The experience was both empowering and unnerving. It offered the potential for an instant second opinion in any specialty, yet it required medical training and vigilance to harness its power and detect its flaws. AI models can sound authoritative while making elementary errors. They cannot physically examine patients and often struggle with open-ended queries. Their output improves with carefully selected information, but most people are not trained to prioritize symptoms. A doctor knows to ask a patient with chest pain if it worsens with eating, walking, or lying down, or if leaning forward brings relief. Clinicians also listen for key phrases that signal specific conditions, like “worst headache of my life” for a brain hemorrhage or a “curtain over my eye” for a retinal-artery blockage. The difference between AI and earlier diagnostic tools is like that of a power saw versus a hacksaw; a careless user could lose a finger.
The common perception of medicine as a series of mysteries to be solved, popularized by shows like “House,” contrasts sharply with its often routine and repetitive reality. Many patients present with a complex combination of chronic conditions like emphysema, heart failure, and diabetes. In these cases, the goal is not to find a single diagnosis but to manage overlapping issues, often described as “likely multifactorial.” A precise diagnosis can be secondary to stabilizing the patient; someone with shortness of breath might be treated for COPD, heart failure, and pneumonia simultaneously, with the primary cause remaining unclear even after they recover.

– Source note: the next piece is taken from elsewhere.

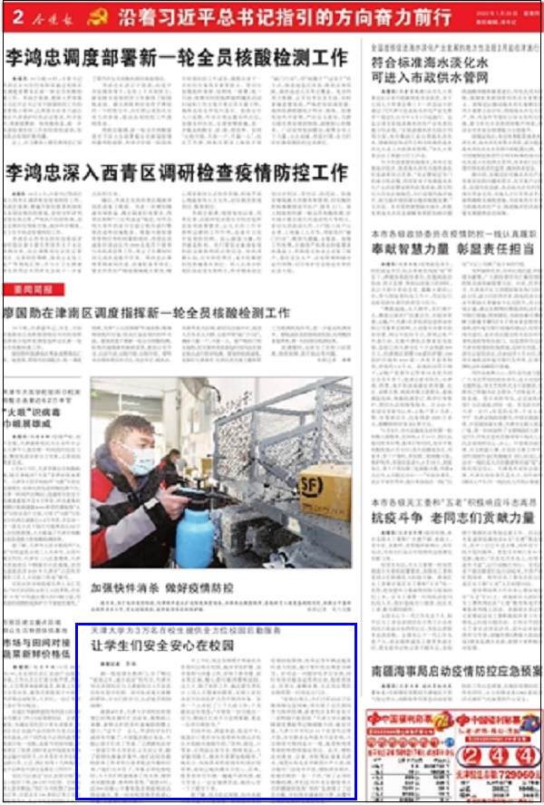 本报讯(记者 李杨) 新一轮疫情突袭津门,为了响应“就地过年,减少流动”的号召,天津大学北洋园校区与卫津路校区3万余名在校生坚守校园。面对如此庞大体量的群体,学生们的学习、生活能否得到保障?

In such common scenarios, asking an AI for a single diagnosis would offer little practical clarity.
According to Gurpreet Dhaliwal, a renowned clinical diagnostician at UCSF, tasking an AI with solving a case is “starting with the end.” He argues that doctors should instead use AI for “wayfinding”—asking it to identify trends in a patient’s trajectory or highlight important details they might have missed. Rather than issuing a diagnosis, the model could alert a physician to a recent study, propose a relevant blood test, or find a critical lab result in an old medical record. This approach recognizes the difference between diagnosing a condition and competently caring for a person. “Just because you have a Japanese-English dictionary in your desk doesn’t mean you’re fluent in Japanese,” Dhaliwal noted.
While CaBot remains experimental, other AI tools are already influencing patient care. OpenEvidence is used by many clinicians, offering licensing agreements with top journals and compliance with patient-privacy laws. Crucially, it cites peer-reviewed articles for its answers, sometimes quoting a paper directly to prevent the kind of “hallucinations” seen with CaBot. When presented with a case, it doesn’t immediately offer a solution but instead begins by asking a series of clarifying questions.